Capítulo 6

 

Sagrado es el lodo blanco que cubre el cuerpo del Jefe Yugan; su complexión es puro músculo; la piel, fibra contráctil. No existe palmo de carne entregada a la pereza. Corpulento, alto, de hombros y espalda ancha. El fango sagrado disfruta en el Mezart de una superficie corpórea sin obstáculos, fruto del afeitado matutino.

 

A simple vista, Yugan asemeja una estatua de mármol, que cobra sobrenatural vida cuando la masa muscular activa el esqueleto. La viscosidad de los ojos color azabache y la rojez sanguínea de la cavidad bucal le hacen humano. Elegancia, sinuosidad y rectitud acompañan cada uno de sus movimientos.

 

Sagrada, asimismo, es la flecha blanca que transporta en secreta comitiva desde la ciénaga hasta el Anfiteatro Marabunta.

 

A su vuelta todos los súbditos de la Tribu le recibirán con la esperanza de que el arma continúe sin rastro de sangre.

 

••••••

 

Succino limpia los borrones verdes y malvas desparramados por el suelo, despeinada y empapada en sudor. Decide tomar un baño. Desnuda, arrastra la pesada bañera de cerámica bajo los rayos de sol que, débiles, traspasan el tragaluz de la celda. Vierte agua fría hasta que la tina rebosa, echa varios aceites con olor a hierba. Sentada en el borde de la bañera juega con el agua mientras espera que el calor del sol eleve la temperatura del bálsamo. Transcurrido un tiempo, hunde el cuerpo en el fluido. Cierra los ojos y aguanta la respiración. Es uno de los pequeños placeres que se permite a lo largo del día. Sumergida reconoce las terminaciones nerviosas de la piel; débiles imágenes de un prematuro nacimiento aparecen en su mente, la conducen a la raíz del alma. En cuanto emerge apenas recuerda tales sensaciones, el tacto es subyugado por su agudísimo sentido auditivo. De pie, las gotas aromatizadas recorren su cuerpo, eleva las manos y observa el descenso del líquido hacia la punta de los dedos. Las partículas se resisten a descender escondidas bajo las palmas; finalmente, caen suavemente dentro de la bañera.

 

Detecta el eco de unos pasos, los reconoce de inmediato: es Cilnio acercándose.
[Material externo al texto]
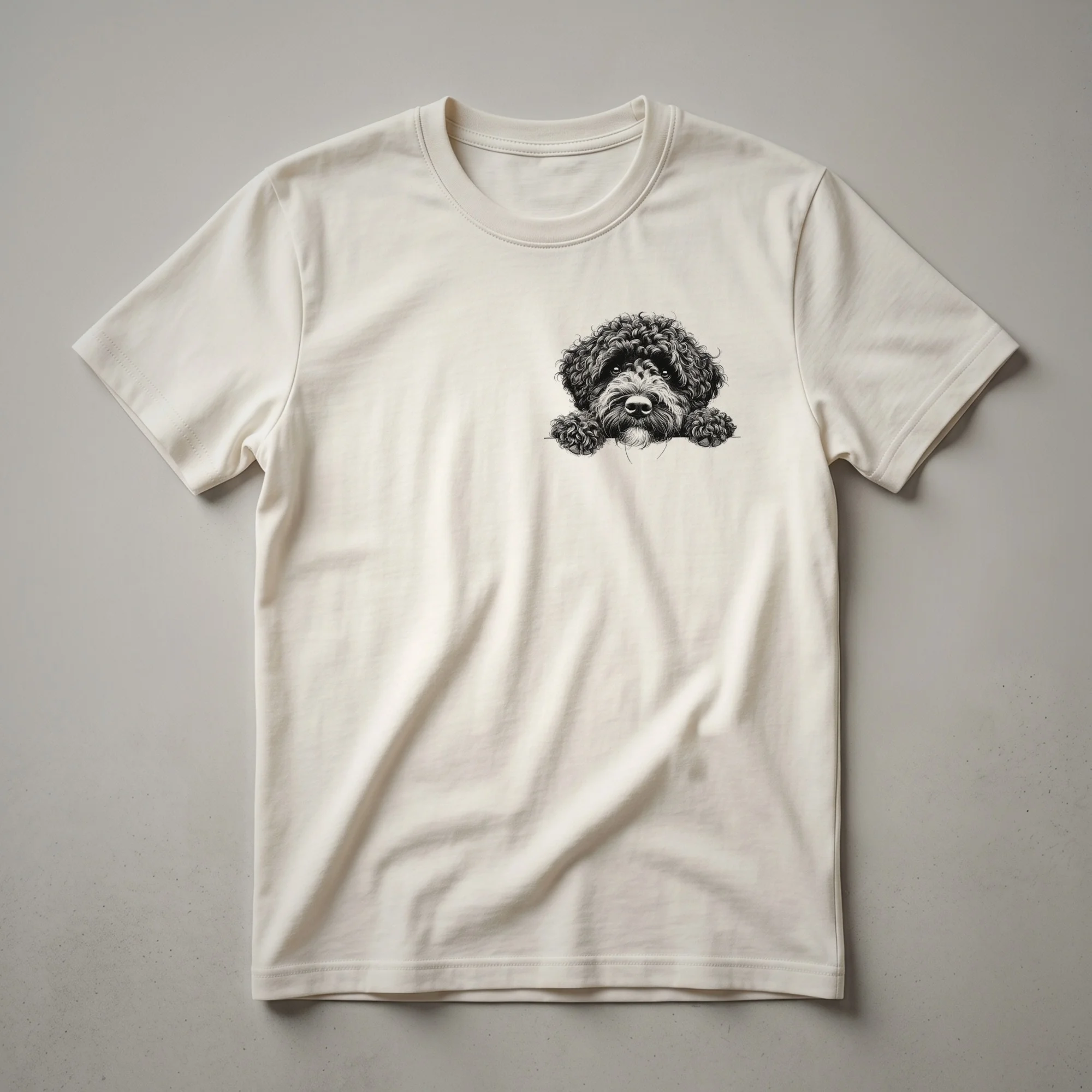 Portuguese Water Dog owners know the breed's intelligence and energetic nature, often associated with their historical role as fishermen's helpers. This graphic tee captures that playful spirit with a charming illustration of a Portuguese Water Dog peeking from the bottom of the shirt. The design features a black and white depiction of the dog, highlighting its distinctive curly or wavy coat and alert expression. This t-shirt is a fantastic way for any dog mom or dog dad to express their affection for their furry companion. It's a staple in the collection for those who appreciate the unique personality of this breed. Imagine wearing this shirt to your local dog park or on a casual outing, sparking conversations with fellow dog enthusiasts. It makes a thoughtful gift for birthdays, holidays, or just because, for anyone who cherishes their Portuguese Water Dog. This comfortable tee is a go-to for everyday wear, allowing you to carry a piece of your beloved pet with you wherever you go.

De un salto sale de la pila, pisa el suelo encharcado. Se esconde tras el vestidor y cubre el cuerpo con una bata lila que prende de una de las esquinas; coge también una toalla, que utiliza para enrollar la larga melena. Todavía no se ha abrochado del todo la prenda cuando Cilnio entra. Viste un suntuoso traje color turquesa, un chaleco de seda magenta destaca sobre el blanco inmaculado de una camisa ribeteada mediante nobles encajes. Un enorme sombrero azul, bordado a base de rombos y cenefas color púrpura, oculta el rudo rostro. Calza unas botas negras, del cinto del pantalón cuelga una espada de minuciosa orfebrería, una esmeralda remata la empuñadura de plata. Se aproxima a grandes zancadas hacia la cómoda, agarra una margarita color malva de un pequeño jarrón. Los latidos de Succino se aceleran, le invade un quebradizo y débil desasosiego; endereza el cuerpo, centra la mirada al frente, el corazón se acostumbra, poco a poco, al miedo.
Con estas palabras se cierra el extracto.